Dangling a promised sword fight in front of a boy worked. However, his character never carried a sword and, to add insult to injury, had lines to be memorized. By the play’s end, however, Zacharias had the acting bug. He appeared in every play while in high school, acted for College Community Theatre and was on stage at the Coyote Creek Dinner Theatre.
“I think for me, being involved in theater at all came down to the people around me there in Pendleton, with Mr. Remington being the most important of the bunch,” he said. “His passion and love for theater was pretty contagious, even though it took me three years to finally be in a sword fight.”
Zacharias, who also said he learned much from his acting peers, added that high school lessons have helped him excel in his current role playing.
“PHS and Mr. Remington … gave me a solid foundation as a performer and actor,” he said. “Rem taught me the value of working hard for every role, no matter how many lines you have or the amount of stage time you have. Never once in high school did I portray a leading role. I was more of a character actor, which for me has proven to be the most valuable asset over the years.”
Remington said it’s easy to teach young people when, like Zacharias, they want to learn.
“I love Stephan,” Remington said. “The thing I remember most is he was always very eager to do the prep work and script analysis for his character. Stephan was always a natural when it came to character analysis and imaginative work. He has an innate sense of history. He really was always trying to find the character’s earlier life.”
His love for history, firmly established by his father, grew in high school under another teacher.
“My father is my greatest influence in my personal love for history,” he said. “Another big influence for my love of history was my junior year history teacher, Mr. Brian Johnson,” he said. “His teaching style and his love for history, like my father’s, is contagious. These two men have a passion for what they teach, and that passion comes through in a big way.”
Little did he know he’d find a career that satisfied both passions. He was required to complete a performance internship while studying theater at Eastern Oregon University and happened across a request for performers at the Oregon Trail Interpretive Center in Baker.

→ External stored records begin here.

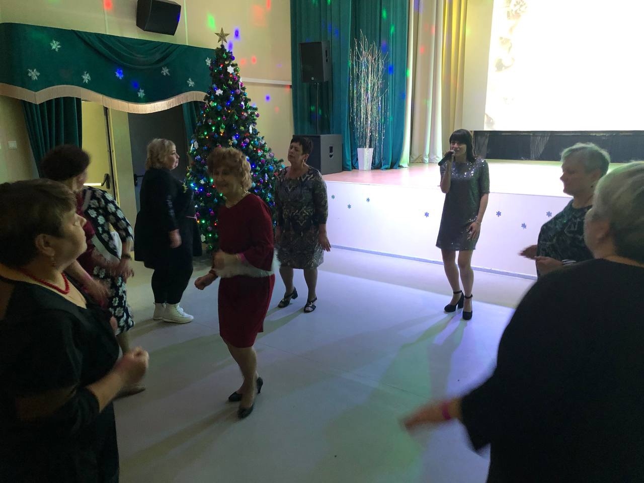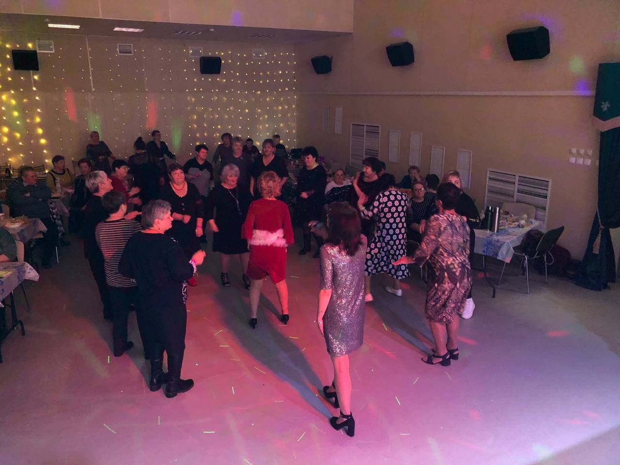 Участники праздника собрались в уютном зале, где за окном бушевала январская вьюга, а внутри царила теплая атмосфера веселья и радости.
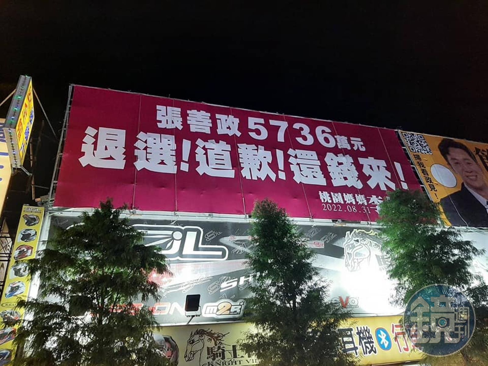 「桃園媽媽」李柏瑟立起巨型廣告,要求張善政道歉、退選、還錢!(翻攝自桃園媽媽-李柏瑟臉書)發布時間:2022.08.31 09:10 臺北時間
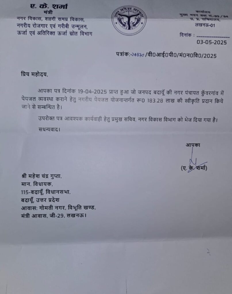 बदायूं l शहर विधानसभा क्षेत्र के अंतर्गत नगर पंचायत उमरगांव कुवरगांव में पेयजल व्यवस्था के लिए शासन ने एक करोड रुपए की स्वीकृति दी है l क्षेत्रीय भाजपा विधायक पूर्व नगर विकास राज्य मंत्री महेश चंद्र गुप्ता ने कस्बे की पेयजल व्यवस्था को बेहतर बनाए जाने के लिए प्रस्ताव नगर विकास मंत्री को दिया था l नगर
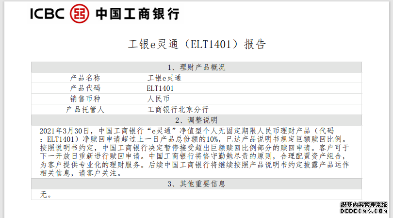 您好,您于2021年4月1日向温州市政服务热线反映其使用手机中国工商银行APP在2021年3月31日因需用钱通过手机app、网上银行办理该理财产品的赎回,但是均无法操作成功。经我行个人金额业务部调查核实,现调查核实情况如下:一、调查情况:中国工商银行“e灵通”净值型个人无固定期限人民币理财产品代码:ELT1401)说明书中第五点,关于巨额赎回,单个开放日中,本产品的产品份额净赎回申请(赎回申请总份额扣除购买总份额后的余额,下同)之和超过上一日产品总份额的10%,为巨额赎回。出现巨额赎回时,工商银行可不接受超出部分的赎回申请,但客户可于下一开放日重新进行赎回申请。理财产品连续两个开放日(含)以上发生巨额赎回,工商银行可暂停接受客户的申购和赎回申请。我行在2021年3月31日信息披露也有公示。二、答复意见:2021年4月7日下午16:18联系客户座机致电客户,向客户解释了我行产品说明书中第五点,关于巨额赎回的条款。

“Honestly, I had no real idea what that was,” he said. “Well, that internship pretty much changed the course of my life as I had discovered a field that would enable me to use my passion for both theater and history.”
Zacharias served two stints as an intern and performed at the High Desert Museum in Bend, playing a host of characters, including the Shakespeare-loving mountain man Jim Bridger and Oregon’s legendary John Day. In 2008 he was hired by the Colonial Williamsburg Foundation. There he dons a powdered wig and plays revolutionary characters. Just to shake up his historical life a bit, he is on sabbatical from Williamsburg, portraying a forest ranger at Denali in Alaska.

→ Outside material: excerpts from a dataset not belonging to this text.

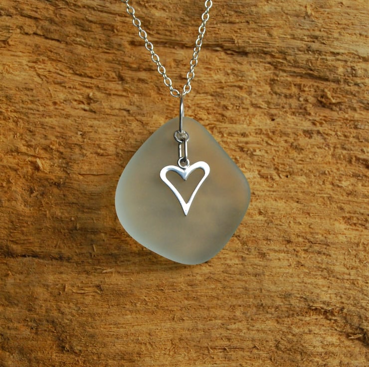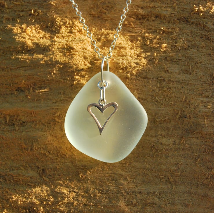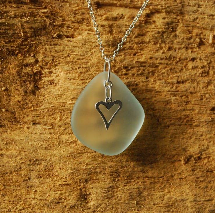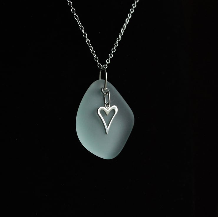 Pale aquamarine beach glass comes from old bottles. The thickness of the glass in bottles such as lemonade bottles means that broken pieces can be worn down on the beach so that they are rounded, such as the one in this pretty pendant. This piece of tumbled beach glass has a gentle curve, which looks lovely behind the sterling silver charm.
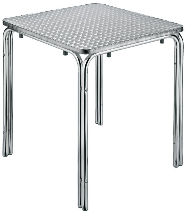Easy to clean, modern, stackable - the aluminum table Limona convinces with several advantageous properties and is a real all-rounder that can be used in many ways in the catering industry. Like the other aluminum furniture of the series, the square aluminum table scores with robust and uncomplicated properties. It can be used indoors as well as outdoors, because it is weather and UV resistant. Since these are stackable tables, they can be stored in a space-saving way when not in use. * Square aluminum table for outdoor and indoor areas * Four table legs, stackable! * Table top made of waterproof wood-based panel. Covered with high quality stainless steel sheet * Table frame made of anodized aluminum * Versatile usable * Bistro table weatherproof, UV-resistant * Can be easily combined with aluminum chairs and other furniture of Limona series Limona aluminum tables are perfect for basic equipment of your catering business with weather-resistant, durable outdoor furniture, which also shines with a modern look.
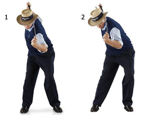 不使用球,如图所示,将一支铁杆置于肩部后方,做出上杆转体。在上杆顶点,观察一下握柄顶端指向地面的什么地方。现在,左髋迅速向着目标移动,杆身不动,仍然指向地面上同样的一点。你马上就会感觉到能量注入了背部和肩部。亲爱的读者,那就是速度的感觉。
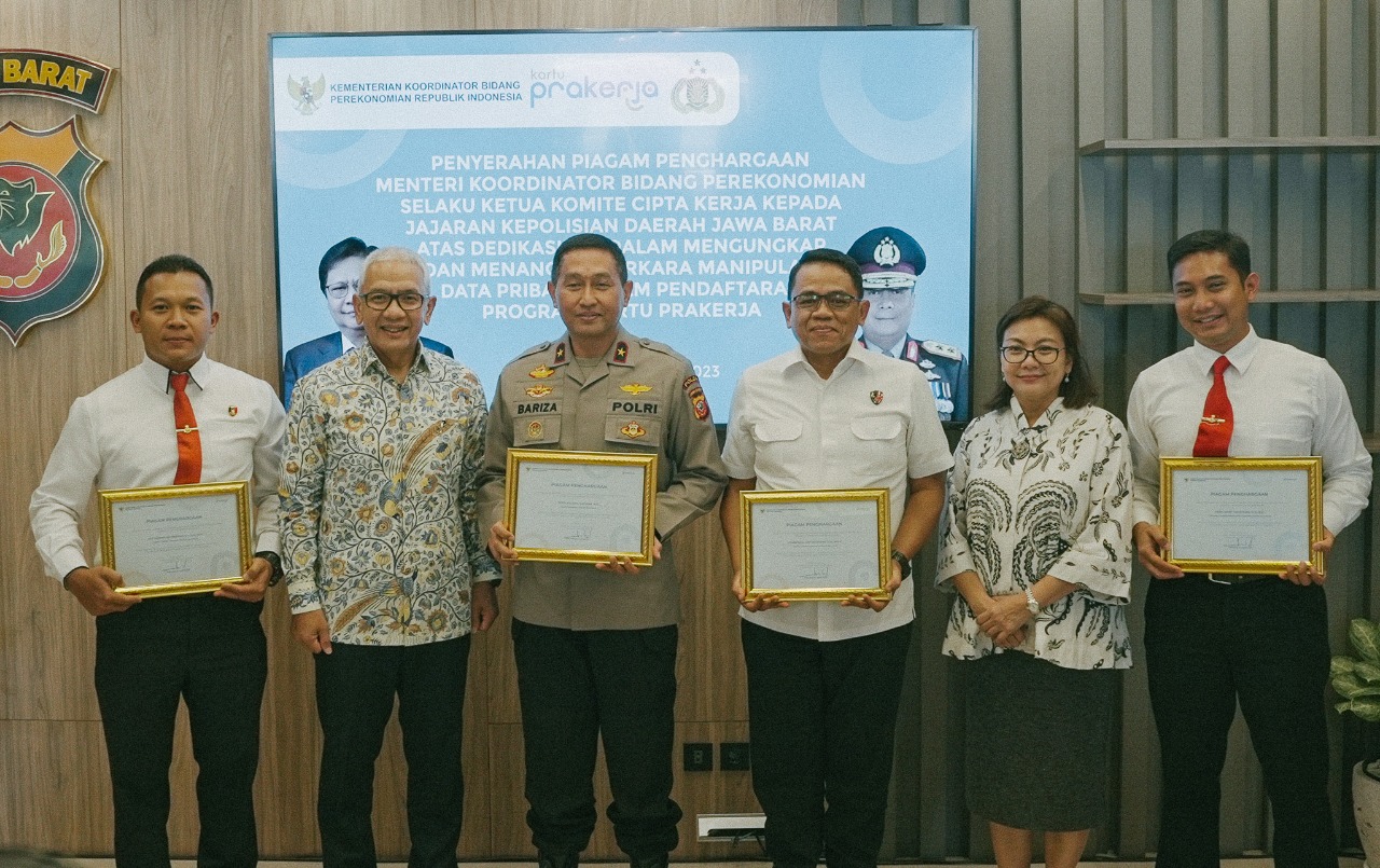 SKI | Jabar – Menteri Koordinator Bidang Perekonomian selaku Ketua Komite Cipta Kerja memberikan piagam penghargaan kepada jajaran Kepolisian Daerah Jawa Barat atas dedikasinya dalam mengungkap dan menangani perkara manipulasi data pribadi dalam pendaftaran Program Kartu Prakerja.
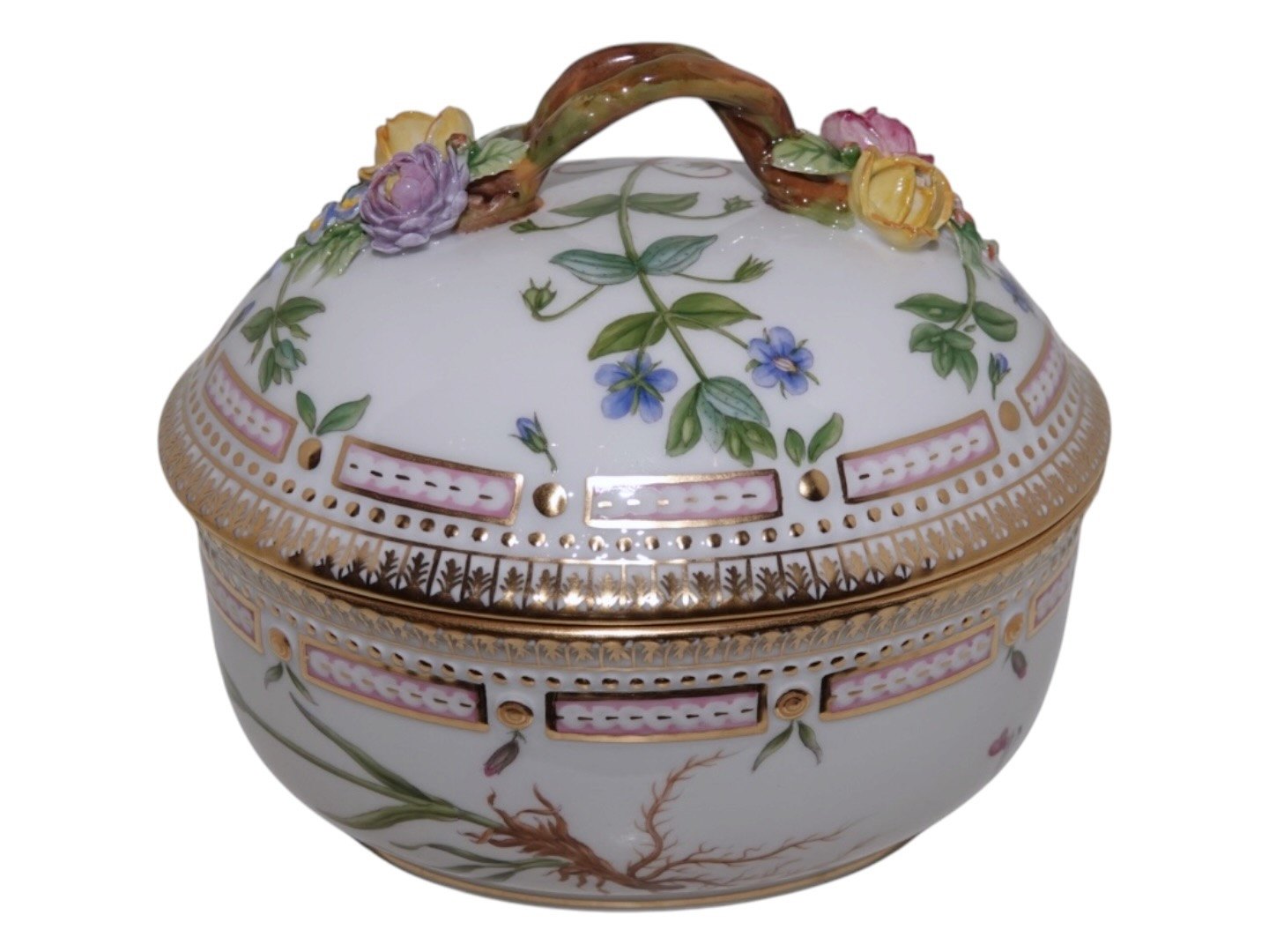 Royal Copenhagen Flora Danica, større skål med låg kaldet en sukkerdåse.

Zacharias said those who become historical interpreters are a varied group.
“I work with people who come from all sorts of backgrounds from teachers to construction workers to museum professionals,” he said. “Some have degrees and some don’t. There really isn’t one specific path to the field.” He is a member and certified interpretive guide for the National Association of Interpreters.
While Zacharias has traveled far afield of his Oregon home, his heart remains firmly entrenched in the Beaver State. He treasures the times that friends from home bump into him on the cobbled streets of Colonial Williamsburg as tourists and he frequently finds his thoughts turning away from the roles he know plays to his own history.
“I love Pendleton,” he said. “It really was the perfect place for me to grow up and to this day it is one of the places I miss most, mainly because of the people. I don’t know how or where, but the first time I get an offer to come back, to Central or Eastern Oregon especially, I will be there.”